Math (trig) question

I'd be happy to help if you decide to continue with it.

Nauga,
simplifying terms
I shall require a sandwich.

--

I'll dig back into that Wolfram page again. I think it has what I need, but I have to work through the formula to figure out my known values and to look at the physical components to verify the drawing above actually matches what I have. I am pretty sure that the link "L" is directly in-line with the Z rod at the zero position. That makes the starting values simple because I can set the rod position at that point as "zero" and then +/- from there.

I had been looking at it as a series of angles and triangles, but the 2-circle intersection approach seems easier. The math is messy, and there is a lot of it, but it's already been done by others that are smarter than I am. And, it uses square roots and cosines, and chicks dig square roots and cosines.
 
OK - finally back onto this. From what I've found, there are plenty of on-line resources with "intersection of two circles" equations and calculators. I need to do this in two steps - calculate the two intersection points and select the one that I care about, and using that point recalculate angles. But I have to work backward because I will know the angles first. Given the angles, I can figure the required intersection point on the large circle, then adjust the Y axis of the small circle until it intersects at that same point.

Simple. Coffee will help.
 
How accurate does your answer need to be? Make a simple working model and measure the angle.
Probably down to about 3 decimal places, maybe 2.

I need to write this into a program. Given the point of intersection on the large circle, return the Y value of the center point of the small circle. The X value of the small circle center point will be constant.

I can calculate the intersection point because the large circle radius and (x,y) doesn't change, just the angle of rotation. And for that I can do simple math to find the base and height (x,y) values of the triangle that would give me a point on that circle. Now I know where the two circles have to intersect and I need to work backwards to find the y center point of the small circle.

Here are just a few of the things I found:
https://stackoverflow.com/questions/3349125/circle-circle-intersection-points

http://mathworld.wolfram.com/Circle-CircleIntersection.html

http://csharphelper.com/blog/2014/09/determine-where-two-circles-intersect-in-c/
 
Free play, fits an clearances or manufacturing tolerances taken into account?
Yeah - taken into account, and I already know there will be a lot of mechanical slop in the system. But the math can go down into the weeds. I just need to calculate a single position - if the mechanism can't get there within a reasonable tolerance, that's a different problem.
 
What I'm getting from your description is that you want rotation α as a function of z, something like this. Correct?

diagram.jpg
OK - got it figured out, I think. Don't need the "2-circles" things after all...sort of.

I can do it all with triangles, sines and cosines.

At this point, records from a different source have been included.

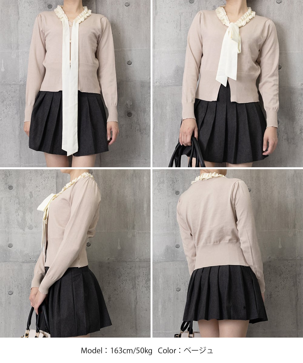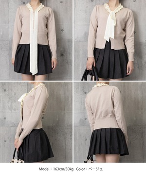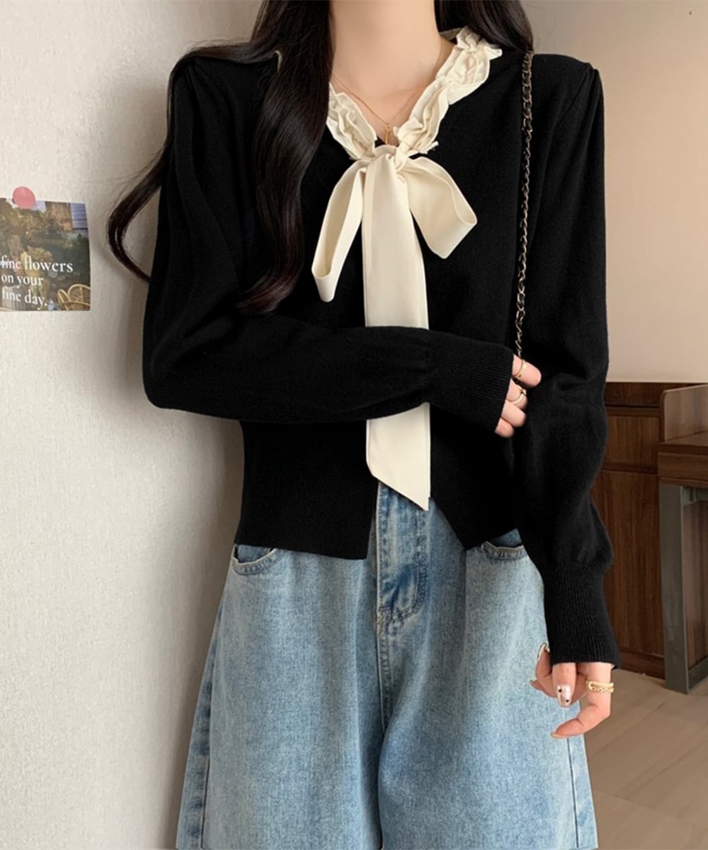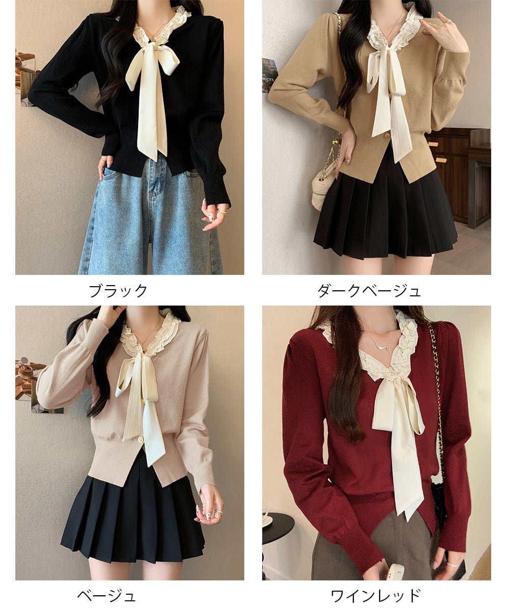 ボウタイニットトップス フリル襟 ニット 24TPS-063
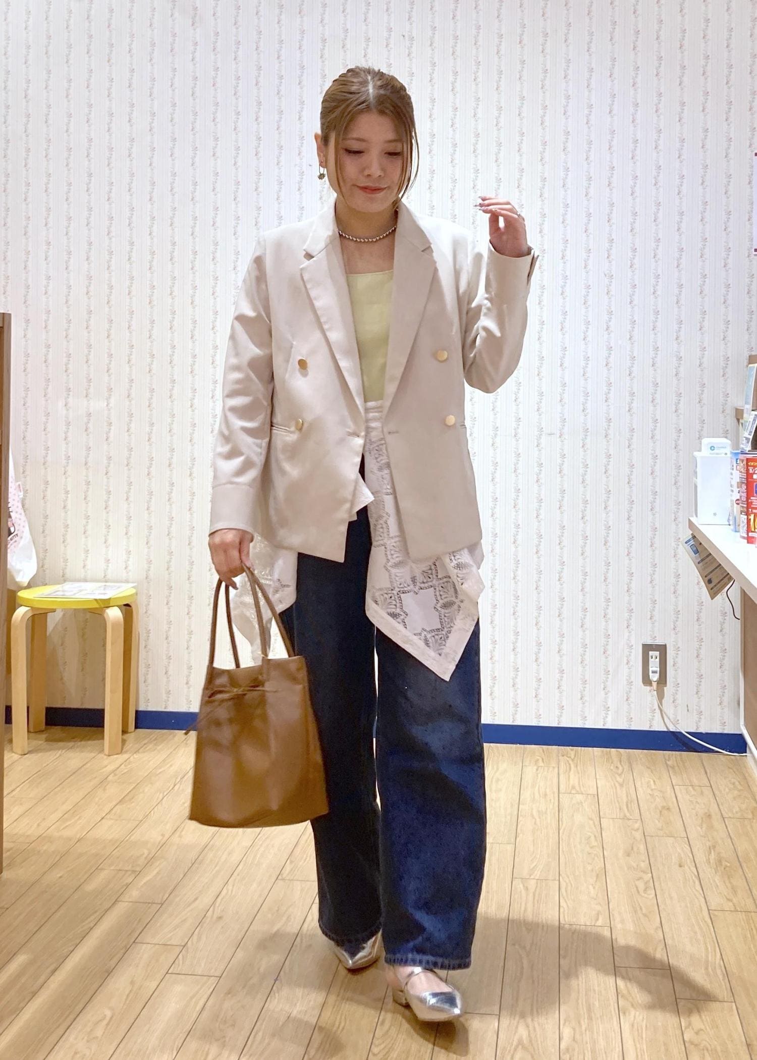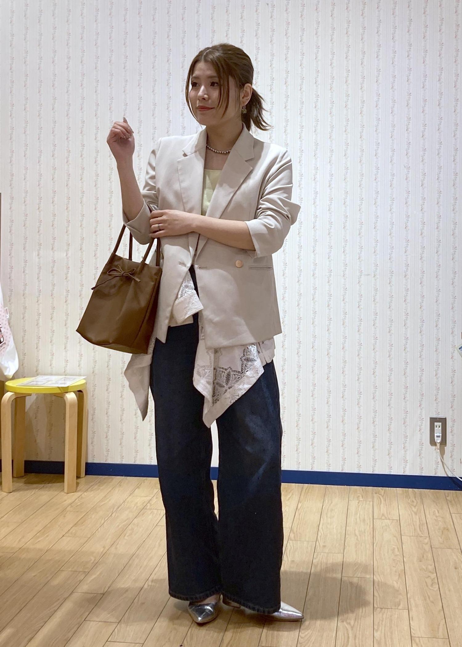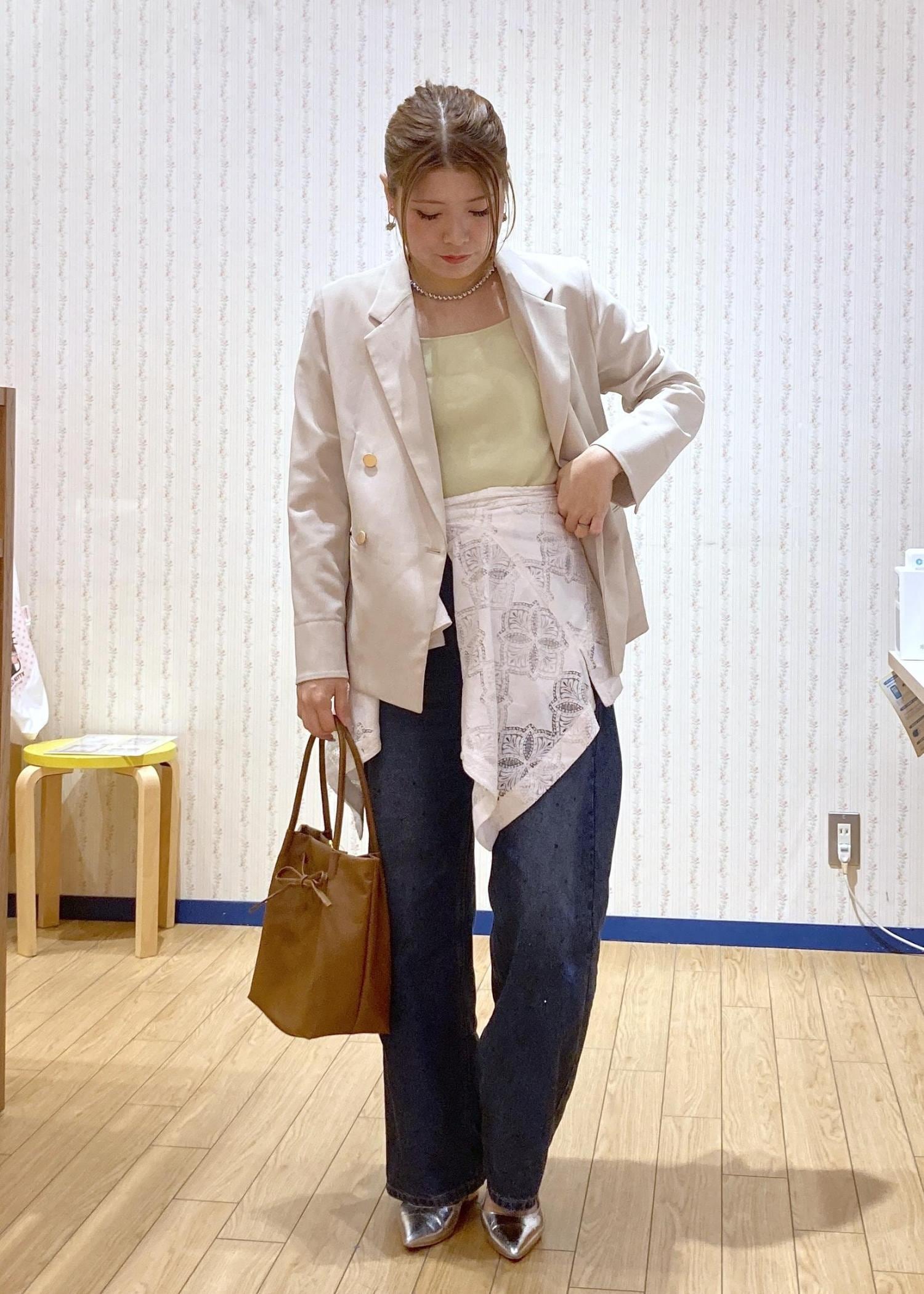 腰に巻いたレースシャツでトレンド感、ジャケットを羽織ってきちんと感をプラスしたデニムコーディネートです。
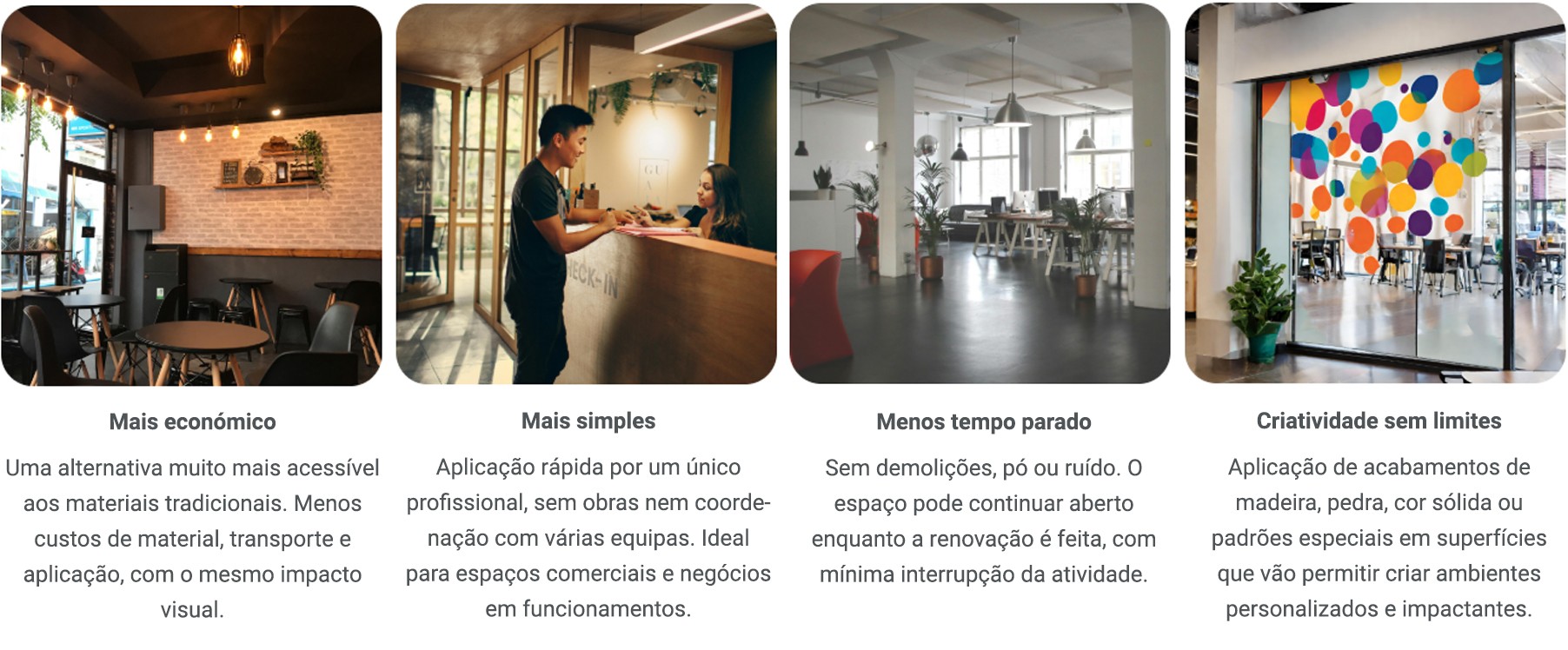 Se o seu cliente ainda tiver dúvidas, mostre-lhe casos de estudo reais. Exemplos de empresas que escolheram revestimentos decorativos em vez de uma renovação tradicional, conseguindo atualizar os seus espaços em muito menos tempo e com o mínimo impacto para clientes e colaboradores.
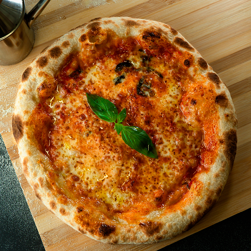 Salsa de tomate, parmesano, muzzarella, albahaca y aceite de oliva
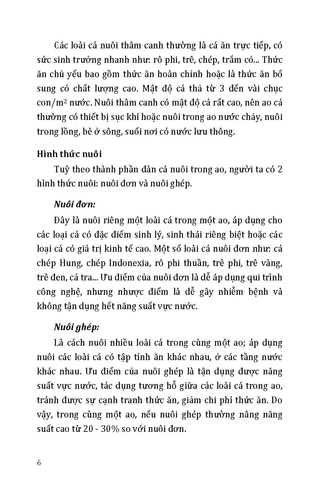 Hướng dẫn kỹ thuật nuôi cá trong các môi trường sống khác nhau như ao, hồ, ao nước tĩnh, ao nước chảy, ruộng lúa, nuôi thả cá giống; kỹ thuật nuôi ếch, lươn như đặc điểm, chuẩn bị giống, cách nuôi, phòng trị bệnh...
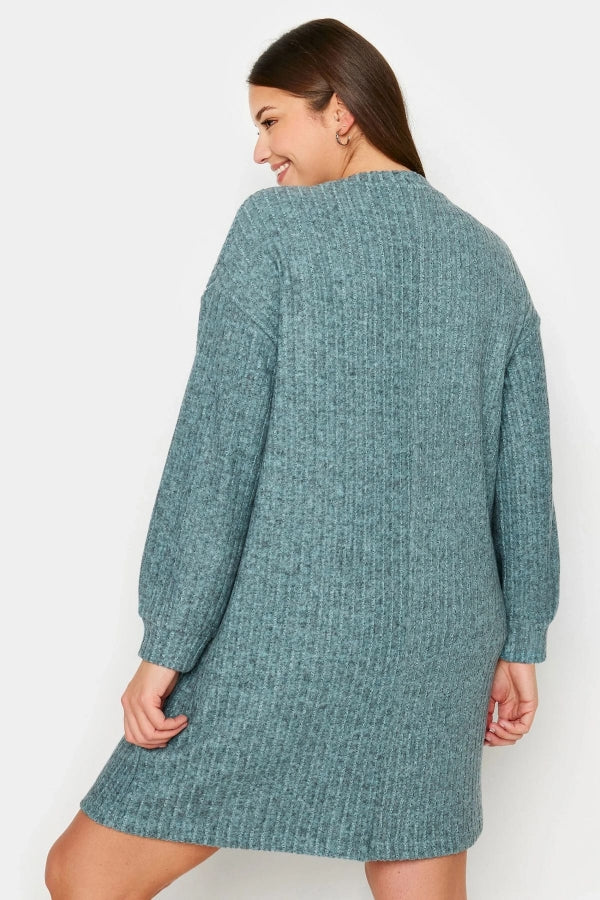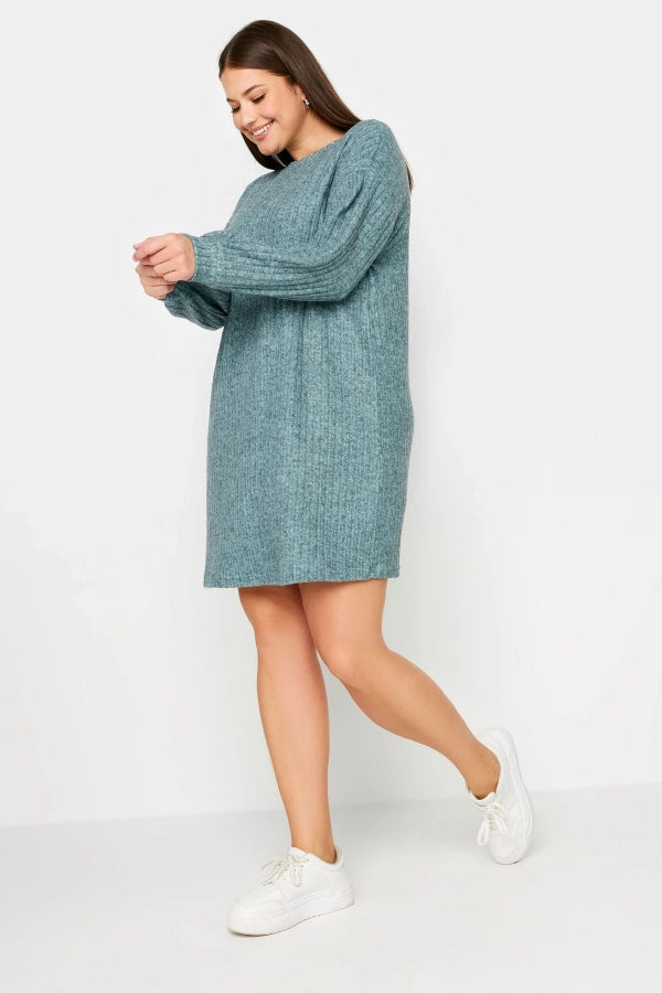 Büyük Beden Bisiklet Yaka Uzun Kollu Yumuşak Dokulu Kazak Elbise 303237
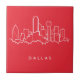 This design features a hand drawn sketch of the Dallas skyline on burgundy.

I'd be happy to help if you decide to continue with it.

Nauga,
simplifying terms

I'll PM both of you to explain what I did. Thanks, to both of you. It took some ciphering and drawing, and then I had one of those aha-moments. Of course, I may be totally wrong.
 
OK - got it figured out, I think. Don't need the "2-circles" things after all...sort of.

I can do it all with triangles, sines and cosines.

Told ya. (snark, snark, snark)
 
Told ya. (snark, snark, snark)
Yeah, well. I'm a little slow.

I spent most of yesterday doing all the 2-circle math. I needed to know one point in particular. Given all the info I had, I could calculate all the other points, distances, and angles. Then I would have to work backwards to get that point that I needed. Turns out doing that is a pain. But after drawing all the lines and such, I was able to see the triangles. I'm a little slow and need to "see" things.

I know you recommended using triangles, and that's the original way I was going, but I didn't "see" it until a couple hours ago. Thanks for the hints.
 
Yeah, well. I'm a little slow.

I spent most of yesterday doing all the 2-circle math. I needed to know one point in particular. Given all the info I had, I could calculate all the other points, distances, and angles. Then I would have to work backwards to get that point that I needed. Turns out doing that is a pain. But after drawing all the lines and such, I was able to see the triangles. I'm a little slow and need to "see" things.

I know you recommended using triangles, and that's the original way I was going, but I didn't "see" it until a couple hours ago. Thanks for the hints.
I'm just being a snarking bastard. Good job working it out. I've drawn many, many, many triangles doing layout/design work...even once used triangles to measure how much a jack-up barge was listing...I think I still have a little clear plastic protractor in the case with the HP-41c...
 
Fortunately, I was NOT the kid in class that always asked, "Do we need to know this for the test?"